Peter A. Steeves
Marcus C. Waldron
John T. Finn

Aquatic Macrophyte Mapping Using Thematic Mapper Imagery and a Geographic Information System

A Geographic Information System was used to relate field-acquired data on the distributions of floating, emergent, and submersed aquatic plants in a small number of lakes to the same distributions mapped on simultaneously acquired Thematic Mapper images of the lakes. These relations are used to assign picture elements in the Thematic Mapper images to one of four vegetation-cover classes: open water (no macrophytes), moderately covered (up to 50 percent) with floating or emergent aquatic plants, densely covered (51-100 percent) with floating or emergent aquatic plants, and covered to any extent with submersed aquatic plants. The assignments can then be extended to any lake that appears in the same Thematic Mapper scene.

Introduction

Many lakes, ponds, and reservoirs in Massachusetts show signs of cultural eutrophication, an overabundance of plant nutrients and sediment resulting from human activities such as agriculture, urbanization, wastewater treatment, and industrial discharge (Massachusetts Water Resources Commission, 1994). Cultural eutrophication can lead to excessive growth of aquatic plants, increased turbidity, depletion of dissolved oxygen, and subsequent loss of fish habitat and recreational value. Trophic state, the extent or effect of eutrophication due to nutrient enrichment, has been difficult to quantify in Massachusetts because many water bodies develop dense beds of aquatic macrophytes (mainly aquatic vascular plants) in response to eutrophication. Most methods for assessing trophic state are based on the relative abundance of phytoplankton algae and do not take into account the biomass of macrophytes (Canfield et al., 1983).
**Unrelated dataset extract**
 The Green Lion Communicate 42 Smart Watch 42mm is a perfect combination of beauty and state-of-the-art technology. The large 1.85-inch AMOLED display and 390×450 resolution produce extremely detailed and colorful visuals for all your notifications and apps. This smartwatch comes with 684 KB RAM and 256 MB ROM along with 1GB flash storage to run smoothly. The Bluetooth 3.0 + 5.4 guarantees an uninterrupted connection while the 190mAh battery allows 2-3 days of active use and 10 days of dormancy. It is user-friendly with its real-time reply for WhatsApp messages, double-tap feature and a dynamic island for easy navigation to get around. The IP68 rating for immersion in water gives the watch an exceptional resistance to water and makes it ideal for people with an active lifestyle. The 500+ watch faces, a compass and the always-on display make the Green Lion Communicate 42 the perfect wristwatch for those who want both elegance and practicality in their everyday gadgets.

The U.S. Geological Survey (USGS), in cooperation with the Massachusetts Department of Environmental Management (DEM) and the Massachusetts Water Watch Partnership (MassWWP), has been developing methods for assessing and monitoring the trophic state of lakes, ponds, and reservoirs in Massachusetts. Part of this effort has involved the use of Landsat Thematic Mapper (TM) imagery for monitoring water-quality characteristics and the extent of cultural eutrophication of water bodies throughout the State. Maps showing the distribution of aquatic vegetation are commonly produced from aerial photographs using visual interpretive techniques (Marshall and Lee, 1994); however, the expense of aerial photography and the time and expertise required for interpretation preclude its use as a routine, statewide monitoring tool. TM imagery, despite its relatively coarse spatial resolution, is more routinely available than aerial photography and could be a more cost-effective method for monitoring water bodies distributed across large geographical areas.
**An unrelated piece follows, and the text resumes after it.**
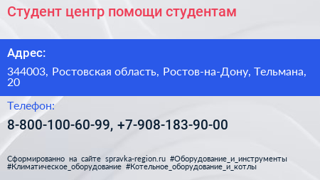 Студент, центр помощи студентам по адресу 344003, Ростовская область, Ростов-на-Дону, Тельмана, 20 в дальнейшем Организация, размещена в следующих категориях:

This article describes a method for mapping distributions of aquatic macrophytes in lakes, ponds, and reservoirs using TM images processed with a geographic information system (GIS). The TM-based mapping procedure consists of manually mapping the distributions of aquatic plant beds in 10 to 15 representative lakes and relating the digitized field-generated maps to a set of TM images of the lakes. These relations are then used to assign picture element (pixel) brightness values in the TM images to one of four vegetation-cover classes: open water (no macrophytes), moderately covered (up to 50 percent) with floating or emergent aquatic plants, densely covered (51-100 percent) with floating or emergent aquatic plants, and covered to any extent with submersed aquatic plants. These vegetation-cover class assignments can then be extended to any lake that is visible in the same TM scene. A full TM scene represents about 3.1 million ha (hectares) on the ground.

Field-data collection

During 1996-98, distributions of floating, emergent, and submersed aquatic macrophytes were mapped in 44 Massachusetts lakes, ponds, and reservoirs by USGS and DEM staff and by volunteers affiliated with the MassWWP. Twenty-four sets of maps, 12 produced in 1996 and 12 produced in 1997 from 19 of the lakes, were used to develop the TM-based mapping procedure. Excessive cloud cover during mid-to-late summer 1998 precluded the use of maps produced in that year. The lakes are primarily in the eastern half of Massachusetts and represent the range of lake types in that part of the State. Locations and physical characteristics of the lakes are presented in Table 1. Surface areas of the lakes ranged from 6.9 to 232.7 ha with a median surface area of 29.1 ha. Maximum depths ranged from 2.4 to 16.2 m (meters) with a median depth of 6.1 m.

Participants in the data-collection effort received training in field-mapping procedures. Mapping was conducted once each summer after the aquatic plants reached their maximum densities but before they began to senesce in early autumn. For each lake, a set of blank maps (field maps) was produced with a 1:24,000-scale (USGS Digital Line Graphs) outline of the lakeshore overlain by a lattice of cells representing the 30-by-30-m spatial resolution of the TM images. These field maps were used by observers to record the macrophyte distributions.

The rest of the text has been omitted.